The phrase is used within some baby loss communities to describe a child who is born after miscarriage or stillbirth. These babies are the “rainbow after the storm” – or so the saying goes. Advocates say “rainbow babies” provide hope, while critics of the term say it erases, or oversimplifies, loss.
This Rainbow Baby Day, Shema, Katie and Beth want to celebrate the children they’ve had after loss – but also shine a light on what it’s really like to be in this position.

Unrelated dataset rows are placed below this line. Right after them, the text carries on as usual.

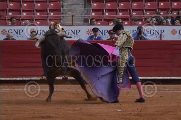 CIUDAD DE MÉXICO, 12NOVIEMBRE2017.- Se llevo a cabo el cierre de temporada para novilladas en la Monumental Plaza de Toros México. En la imagen un banderillero se resguarda en un burladero. FOTO: MARIO JASSO /CUARTOSCURO.COM
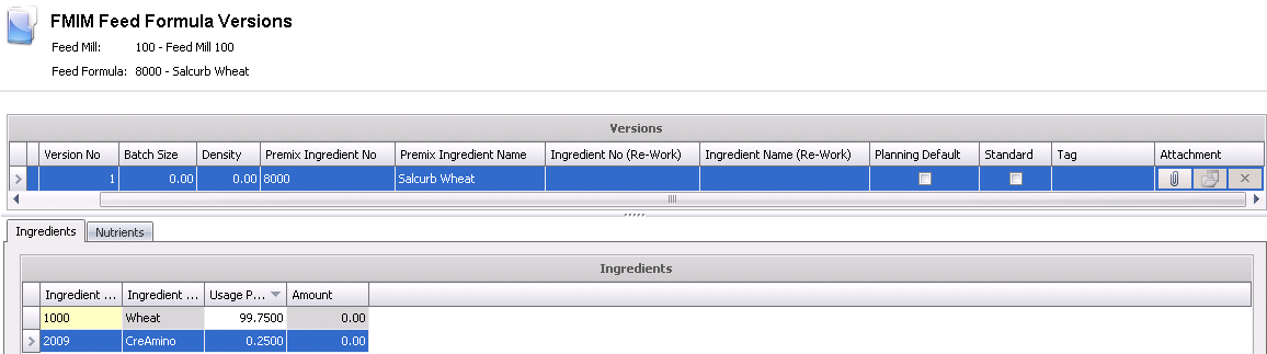 The ingredients tab defines the ingredients that are used to create the pre-mix. The feed production transaction will create usage transactions for the ingredients that are used to produce the pre-mix.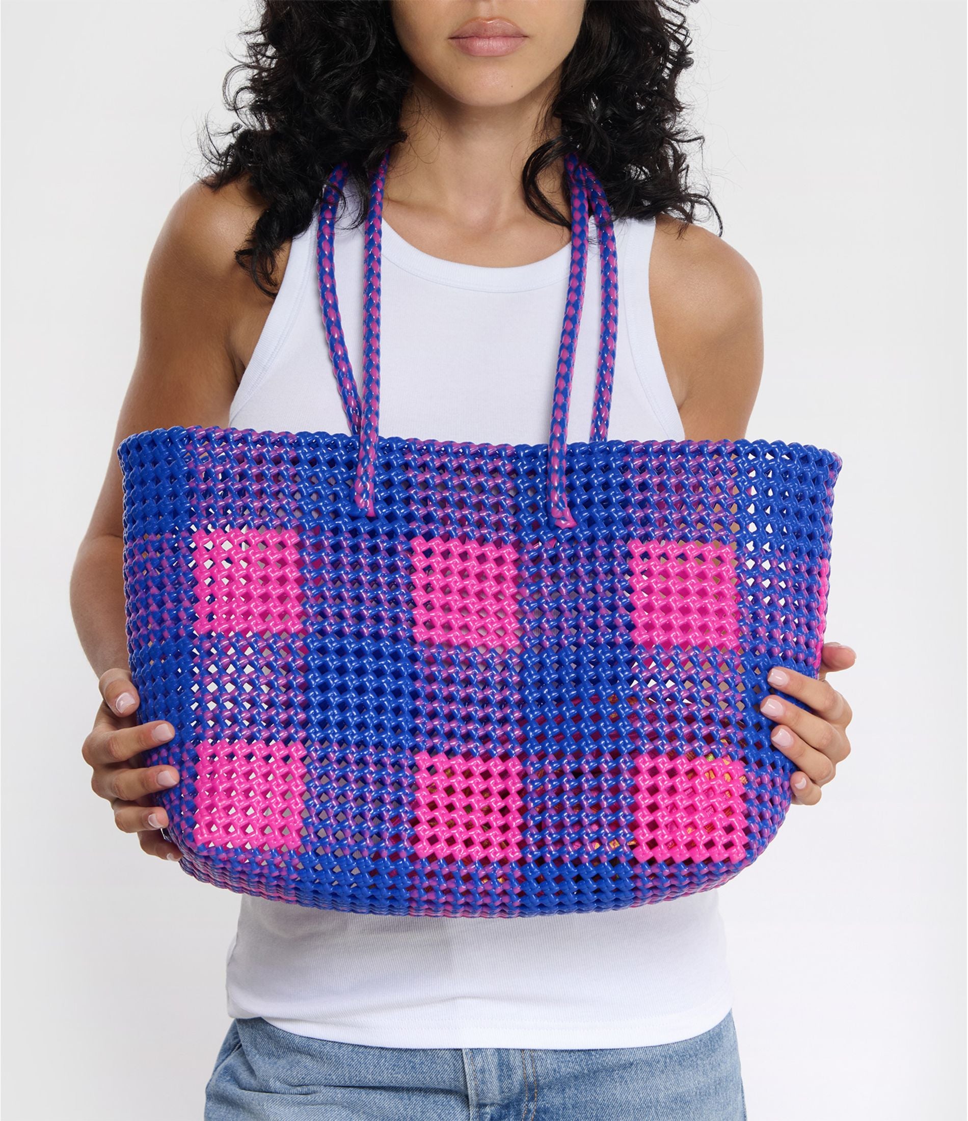 N°15L - SAC CABAS TRESSÉ MAIN - GRAND - rose fluo & bleu foncé
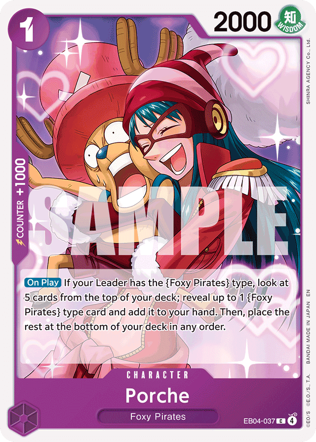 [On Play] If your Leader has the {Foxy Pirates} type, look at 5 cards from the top of your deck; reveal up to 1 {Foxy Pirates} type card and add it to your hand. Then, place the rest at the bottom of your deck in any order.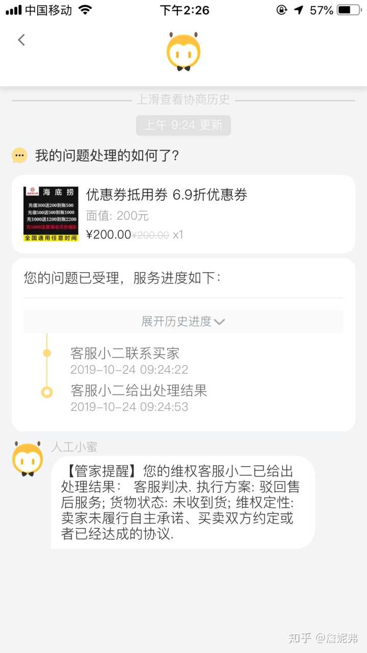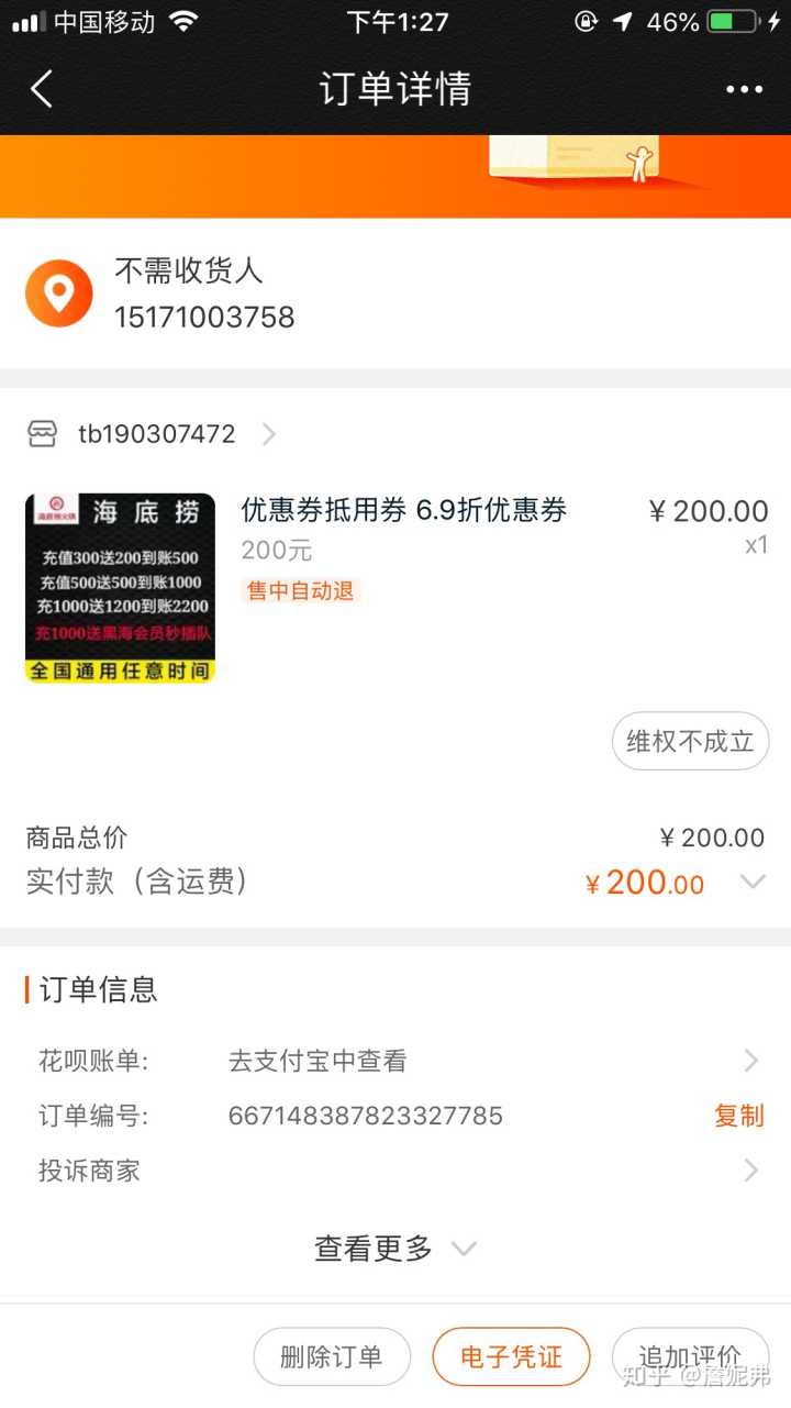 近几天遇到的,因为贪便宜+手欠+好奇……在淘宝搜索了“海底捞优惠券”其他的有销量的都看了一遍,觉得优惠力度不够大,就点进了搜索排名第一(第一一般都是广告位),里面没有评论的那个,优惠非常大呀,诺,下图就是我拍的订单,订单图片显示的优惠信息。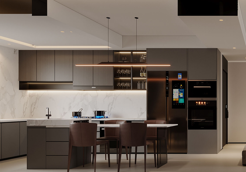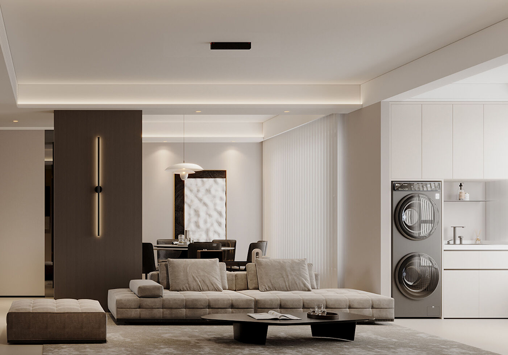 当今快节奏的生活中,越来越多的人开始向往简单、宁静的居住空间。因此我决定将新家的装修风格定为意式极简。意式极简风格以其独特的魅力,融合了意大利的传统与现代,追求简约到极致的同时,也带来了居住的品质感与舒适度。 电视背景墙采用悬浮电视墙,下嵌入灯带的设计,起到视觉冲击力,高级又美观。横厅的结构,使整个客厅更加开阔大气。 餐厨一体的空间设计使得整个横厅连接起来,更增强了整个空间的整体性。设计变更了原楼梯的位置,原本楼梯的空间上楼显得陡峭,之后将楼梯变更到了餐厅旁边,原楼梯的位置则做了一个800库,满足主人日常的储物需求。而灯光的设计,则是意式极简风格中的点睛之笔。它不仅仅是为了照明,更是为了营造氛围让居住者能在不同的光影交错中,感受到家的温馨与舒适。大到沙发茶几、小到壁灯、台灯、每个单品都是精心挑选,成为空间的点睛之笔,让空间瞬间灵动有趣起来。用现代设计语言诠释家的品味与舒适。美观与实用并存,简约线条诉说空间的故事,每一外细节都充满生命力。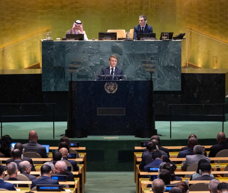 نيابةً عن صاحب السمو الملكي الأمير محمد بن سلمان بن عبدالعزيز آل سعود ولي العهد رئيس مجلس الوزراء -حفظه الله-، وبالشراكة مع فخامة رئيس الجمهورية الفرنسية إيمانويل ماكرون، ترأس صاحب السمو الأمير فيصل بن فرحان بن عبدالله وزير الخارجية، الجلسة الافتتاحية لأعمال المؤتمر الدولي لتسوية قضية فلسطين بالوسائل السلمية وتنفيذ حل الدولتين على مستوى القادة، المنعقد في مقر الجمعية العامة للأمم المتحدة بمدينة نيويورك.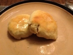 Preheat oven to 375*. Thoroughly wet your hands in an effort to keep dough from sticking to you- it will be very sticky! Prepare a silicone mat with a dusting of rice flour. Divide dough into 10 equal balls or grab one small handful of dough to start. Flatten the dough ball, using only your hands and flipping to keep rice flour coating even around all of the dough. Once it is flattened evenly into a roughly 4 inch circle, add a pinch of cheese to the center and top with 3 Tbsp of filling. Pull the sides up, careful not to tear holes, until the filling is completely enclosed. Then place it seam down into a greased 9×13 glass pan. Repeat until all 10 burgers are complete- re-flouring the mat frequently. Brush the top of each each burger with butter.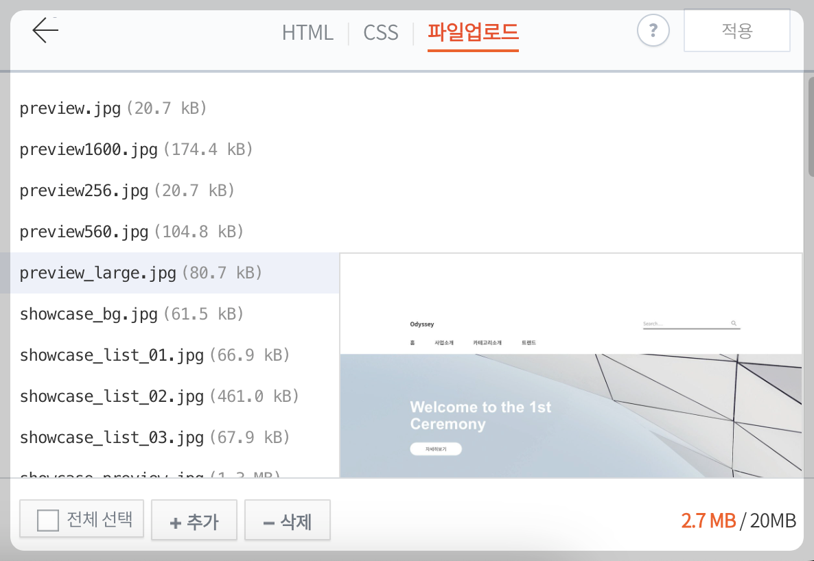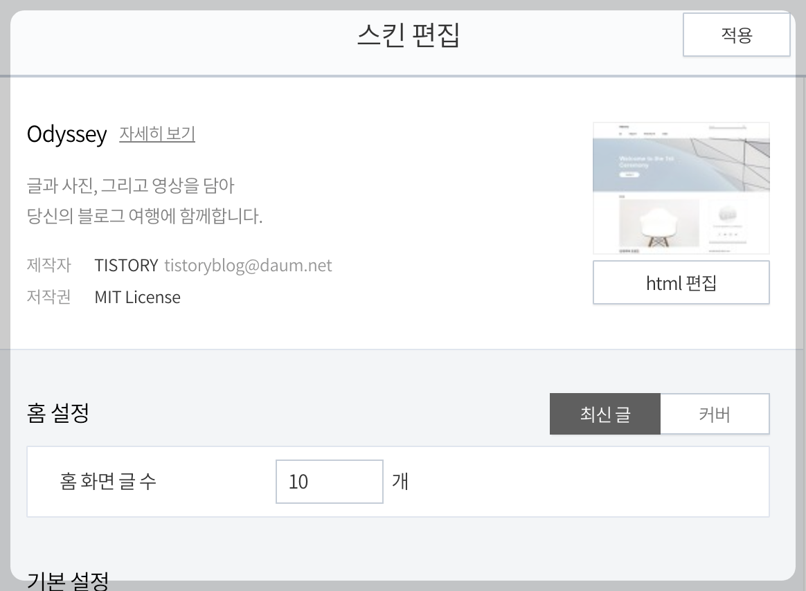 위 사진과 같은 스킨편집 화면에서 'html편집' 버튼을 누릅니다.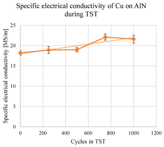 Development of specific electrical conductivity values of PBF-LB/M-manufactured copper on AlN during TST (−40 °C/+150 °C; dwell time: 15 min).

Their united hope is to shatter the silence that still persists surrounding baby loss.
‘The shadow of losing your baby is there the whole time’
“I always find it hard when people describe Faris as my first child, because it erases Altair – and he’s very much part of our family,” says Shema Tariq, 44, based in London.
“People who’ve not been through loss think being pregnant is the goal, so when you are, everything is miraculously fixed. But it isn’t, because you’ve already experienced the worst thing that can possibly happen: you’ve lost a baby.”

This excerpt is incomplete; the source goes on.